4: val insStmt = con.prepareStatement(insSQL)
5: val startMs = System.currentTimeMillis
6: var rowCount = 0
7: while (rs.next()) {
8: insStmt.setInt(1, rs.getInt(1))
9: insStmt.setString(2, rs.getString(2))
10: insStmt.setString(3, rs.getString(3))
11: insStmt.setString(4, rs.getString(4))
12: rowCount += insStmt.executeUpdate()
13: }
14: val elapsedMs = System.currentTimeMillis - startMs
15: println(rowCount + " rows inserted - " + elapsedMs + " ms")
16: con.commit()
We prepare the statement on line 4, bind the values to be inserted on lines 8-11, then execute the insert on line 12.
WIth a few minor changes, this code can perform array inserts:
1: val insSQL = "INSERT into arrayinsertTest" +
2: " (cust_id,cust_first_name,cust_last_name,cust_street_address) " +
3: " VALUES(:1,:2,:3,:4)"
4: val insStmt = con.prepareStatement(insSQL)
5: val startMs = System.currentTimeMillis
6: var rowCount = 0
7: while (rs.next()) {
8: insStmt.setInt(1, rs.getInt(1))
9: insStmt.setString(2, rs.getString(2))
10: insStmt.setString(3, rs.getString(3))
11: insStmt.setString(4, rs.getString(4))
12: insStmt.addBatch()
13: rowCount += 1
14: if (rowCount % batchSize == 0) {
15: insStmt.executeBatch()
16: }
17: }
18:
19: val elapsedMs = System.currentTimeMillis - startMs
20: println(rowCount + " rows inserted - " + elapsedMs + " ms")
21: con.commit()
On line 12, we now call the addBatch() method instead of executeUpdate(). Once we’ve added enough rows to our batch (defined by the batchsize constant in the above code) we can call executeBatch() to insert the batch.

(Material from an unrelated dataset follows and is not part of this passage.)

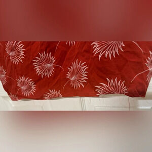 This is a listing for a preowned Madewell Silk Off the Shoulder Palm Red Sheath Mini Dress Women's Size XS. The bottom has some threads hanging, could cut off. Approximate measurements in photos. Please see all photos for details as they are part of the description.

Array insert gives about the same performance improvements as array fetch. For the above example I got the performance improvement below:
To be fair, the examples above are a best case scenario for array processing – the Oracle database was running in an Amazon EC2 instance in the US, while I was running the scala code from my home in Australia! So the round trip time was as bad as you are ever likely to see. Nevertheless, you see pretty impressive performance enhancements from simply increasing array size in the real world all the time.
Conclusion
If you use JDBC to get data from Oracle RDBMS within a scala project, then the principles for optimization are the same as for Java JDBC – use preparedStatements, bind variables and array processing. Of course there’s a lot more involved in optimizing database queries (SQL Tuning, indexing, etc), but these are the three techniques that vary significantly from language to language. The performance delta from these simple techniques are very significant and should represent the default pattern for a professional database programmer.